Według kongresmana to spisek
W akcie oskarżenia jest także informacja, że Butina rozmawiała ze swoim rosyjskim przełożonym o jego planowanym spotkaniu z "amerykańskim kongresmenem podczas podróży delegacji Kongresu do Moskwy w sierpniu 2015 roku". Według amerykańskich mediów spotkanie to doszło do skutku i uczestniczyli w nim republikański senator z Kalifornii Dana Rohrabacher oraz demokratyczny senator Gregory Meeks.
Rohrabacher we wtorek odniósł się do tych informacji podkreślając, że nie wie, czy to on jest Amerykaninem, o którym wspomina się w akcie oskarżenia. Przyznał jednak, że był członkiem delegacji Kongresu w Moskwie w 2015 roku i spotkał się tam między innymi z Marią Butiną. - Miałem z nią obiad. Był ze mną inny członek Kongresu i członkowie delegacji. Czy to coś, co powinno nas martwić? - stwierdził Rohrabacher w rozmowie z portalem "Politico".

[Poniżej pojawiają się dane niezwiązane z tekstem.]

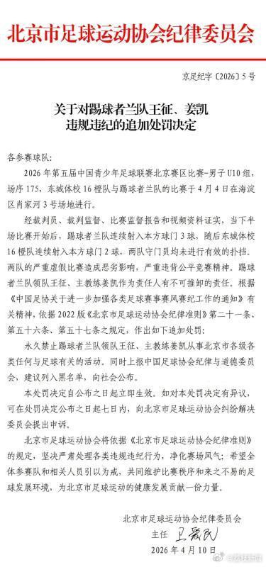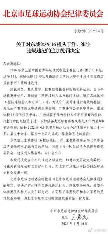 4月9日,北京市足协发布处罚措施,仅对涉事球队取消比赛资格,双方领队和主教练只禁足一年。4月10日,北京市足协升级处罚措施,对两队领队、主教练追加终身禁足处罚。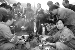12时20分,大家用方便面为去成都的队员送行。近60个小时的相伴,所有人已成为真正的“战友”。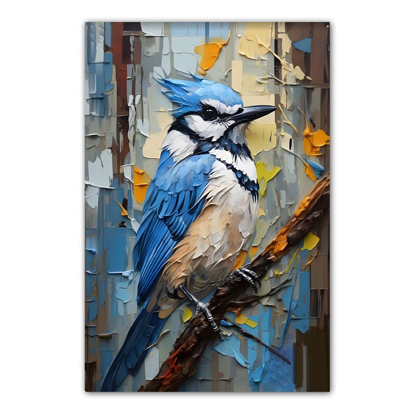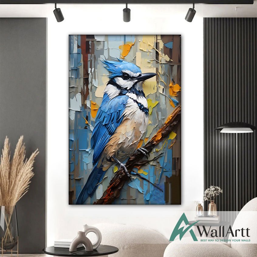 Abstract Blue Bird 3D Heavy Textured Partial Oil Painting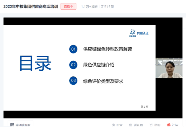 为提升中核集团产业链韧性和安全水平,积极打造精益化、协同化、国际化、智慧化、绿色化的现代产业链,本次培训为广大供应商带来供应链绿色转型政策、绿色供应链、绿色评价类型及要求解读,培育新增长点,为今后深化拓展合作奠定了坚实基础。

Kongresmen wyraził też opinię, że cały akt oskarżenia wobec Butiny jest "głupi" i "niedorzeczny". - Jest asystentką jakiegoś gościa, który jest szefem banku i członkiem parlamentu. To ma być szpieg? Po tym widać, jak głupia jest cała ta sprawa. To próba utrudnienia prezydentowi nawiązania lepszych relacji z Rosją - stwierdził. Jego zdaniem całe oskarżenie to akcja "deep state" (ang. - głębokie państwo), jak część amerykańskiej skrajnej prawicy określa rzekomy spisek wewnątrz administracji rządowej, który chce kierować państwem niezależnie od demokratycznie wybranych polityków.
Amerykańskie media wiele razy podkreślały przyjazne nastawienie Rohrabachera do Rosji i Władimira Putina. Wyliczane jest jego wspieranie rosyjskiego punktu widzenia na różne kwestie, jak na przykład aneksja Krymu czy wojna gruzińsko-rosyjska w 2008 roku. W czerwcowym artykule o małych szansach Rohrabachera na reelekcję w tegorocznych wyborach do Kongresu portal telewizji CNN nazwał go "ulubionym kongresmenem Putina".
Polski akcent
Na kontakty Rohrabachera z oskarżoną o szpiegostwo Butiną zwrócił uwagę poseł PO Tomasz Siemoniak. Na Twitterze przypomniał, że z tym amerykańskim politykiem spotykał się w przeszłości Antoni Macierewicz.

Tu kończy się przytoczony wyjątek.